Here is what I have thus far:

    #if x isn't numeric
    if(!is.numeric(x)){
    #if y isn't a factor
    }else if(!is.factor(y)){
    #if the length of x isn't equal to y
    }else if(nChar(x) != nChar(y)){
    #error message
    stop('x is not numeric/y is not a factor/both x and y are the same                  length')
}
#otherwise create histogram
#testing with iris data set
hist(y, main = "Iris Species", xlab = "Sepal Width", col = "orange", border   ="blue")

Solution

  • I usually use stopifnot() for this, so that you check the simplest condition first then proceed to the more complex; you don't want to test all of them at once if the first one is invalid:

    stopifnot(is.numeric(x))
    stopifnot(is.factor(y))
    stopifnot(length(x) == length(y))
    

    Alternatively, doing all of this in one go:

    if(!(is.numeric(x) && is.factor(y) && length(x)==length(y))){
        stop("your error message")
    }
    

    Now it's not clear to me why you're testing y here at all, as there is no 'y' argument to hist(). Perhaps you were planning to plot separate histograms for x for each level of y?

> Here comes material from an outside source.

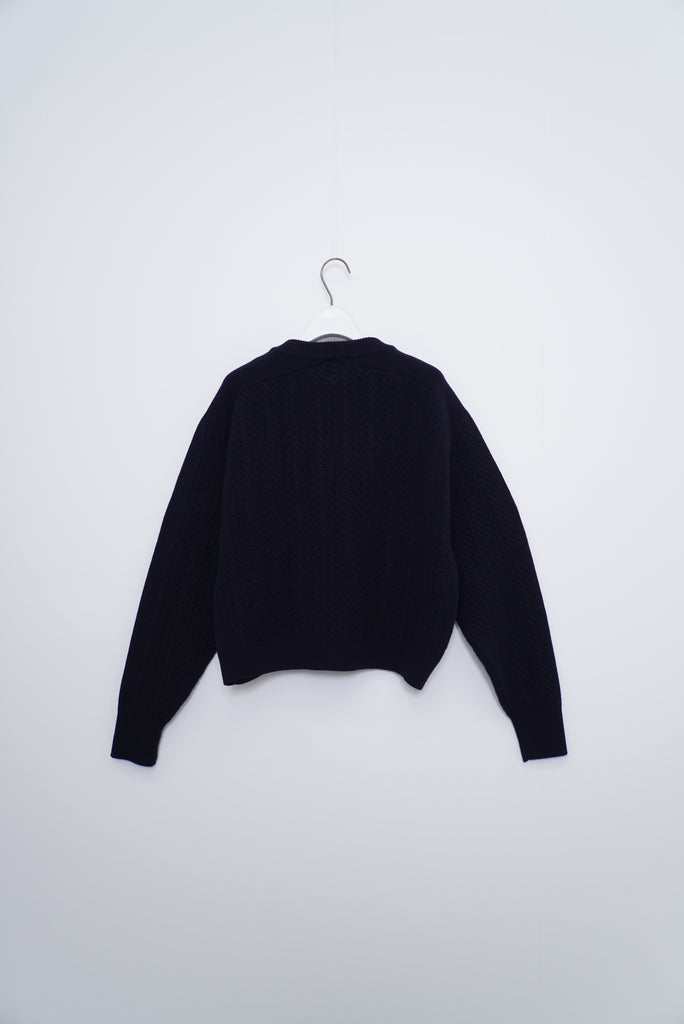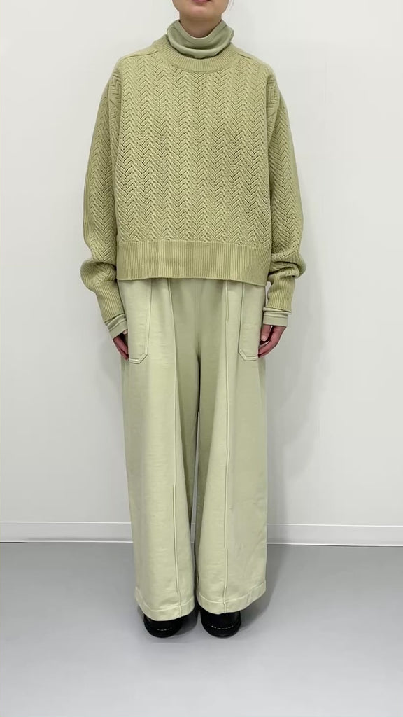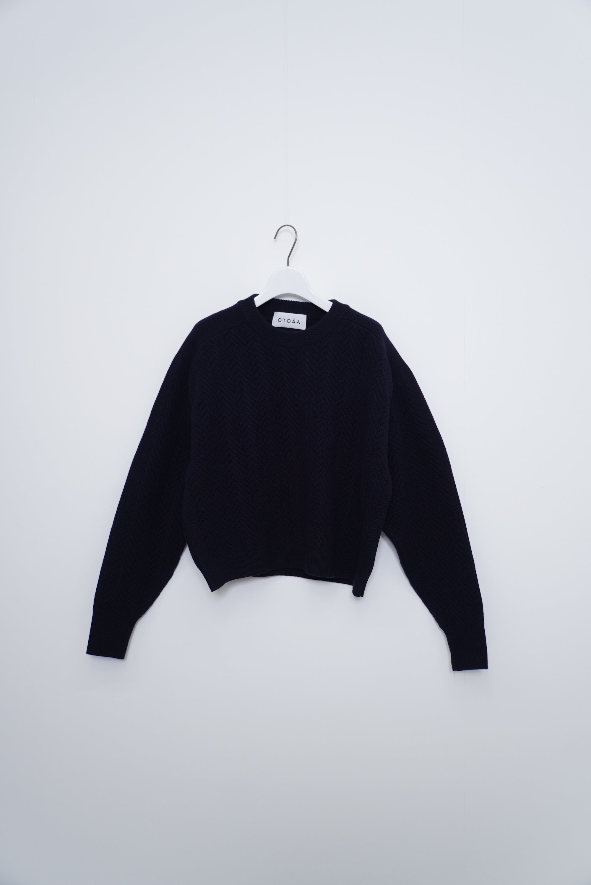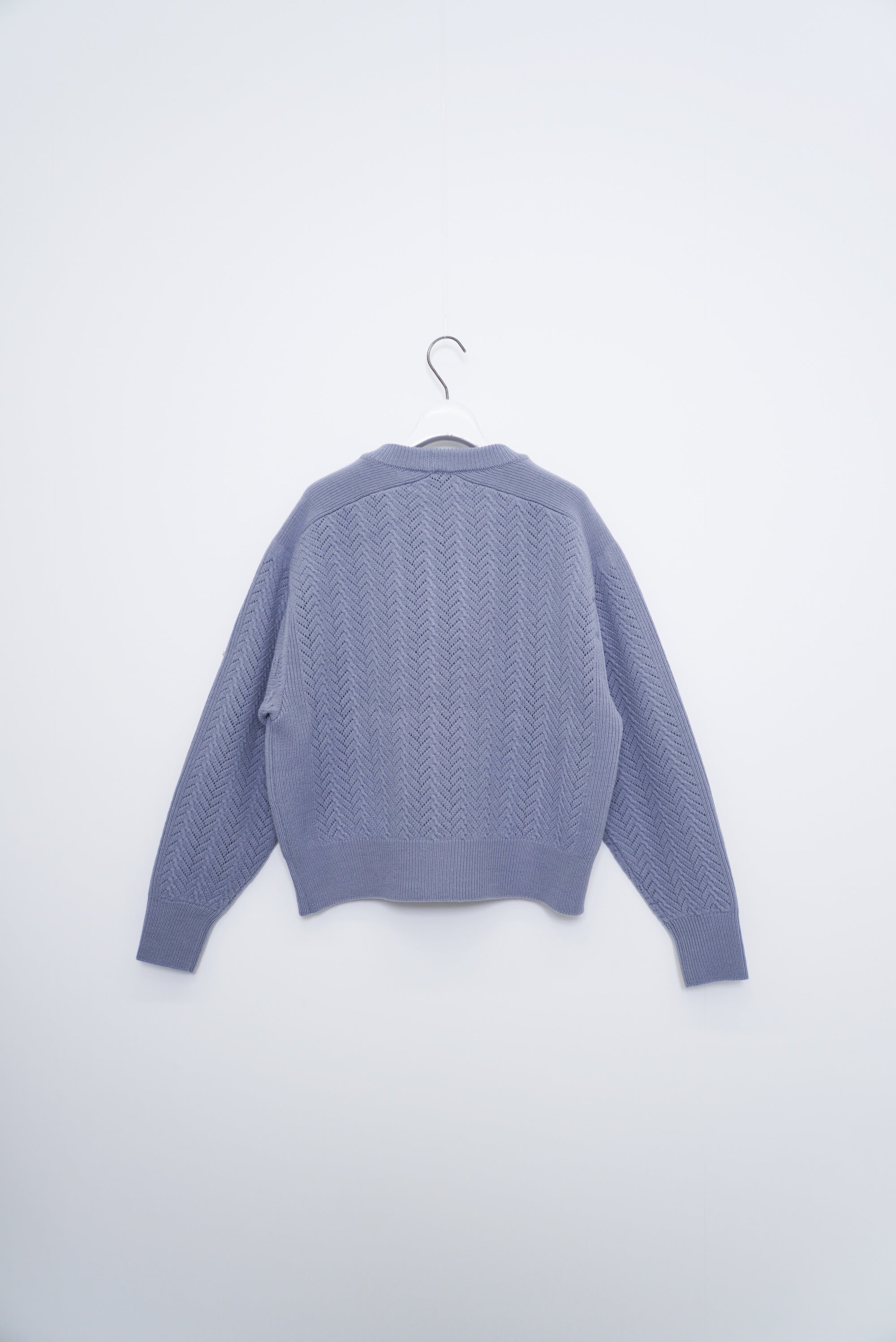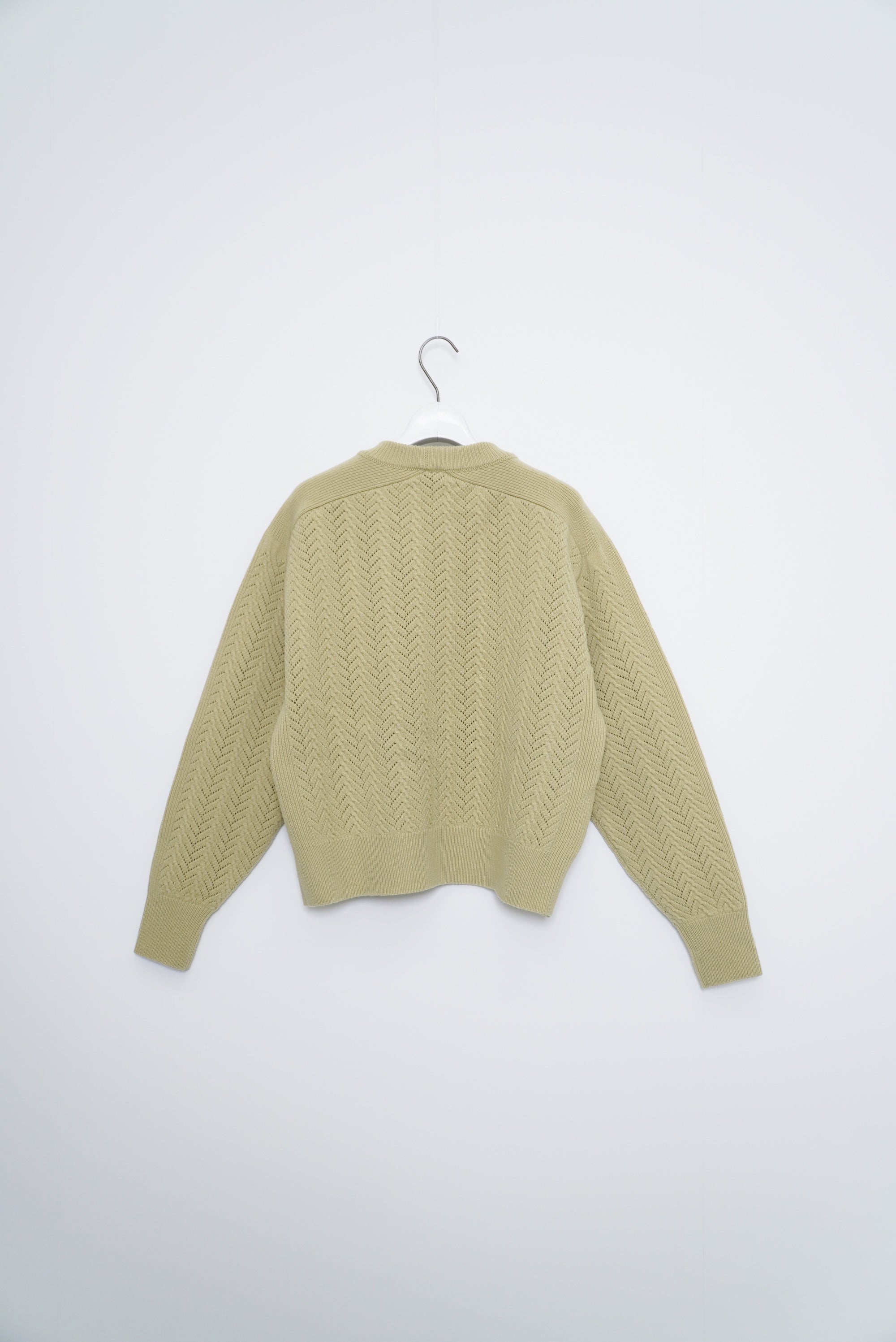 透かし編みのレースヘリンボーン柄が印象的なクルーネックニットプルオーバー。

    If so, you should be able to adapt the following:

    x <- iris$Sepal.Width
    y <- iris$Species
    l1 <- length(levels(y))
    ## temporarily change plotting parameters
    op <- par(mfrow = c(1, l1))
    for (i in 1:l1){
        hist(x[y == levels(y)[i]],
             main=paste0("Iris Species: ", levels(y)[i]),
             xlab = "Sepal Width",
             col="orange",
             border="blue")
    }
    par(op)
    

    giving:

    enter image description here

    I am not aware of an nChar function in R; length() is normally used for this.

    Here's the overlapping approach. Note that for loops are often easier to read than apply and the loss in speed is likely to be relatively small.

    for (i in 1:l1){
        hist(x[y == levels(y)[i]],
             ## main=paste0("Iris Species: ", levels(y)[i]),
             main="Iris Species: ",
             xlab = "Sepal Width",
             col=i+1,
             add=!(i==1))
    }
    legend(x=4, y=25, legend=levels(y), fill=1+(1:l1))
    

    giving:

    enter image description here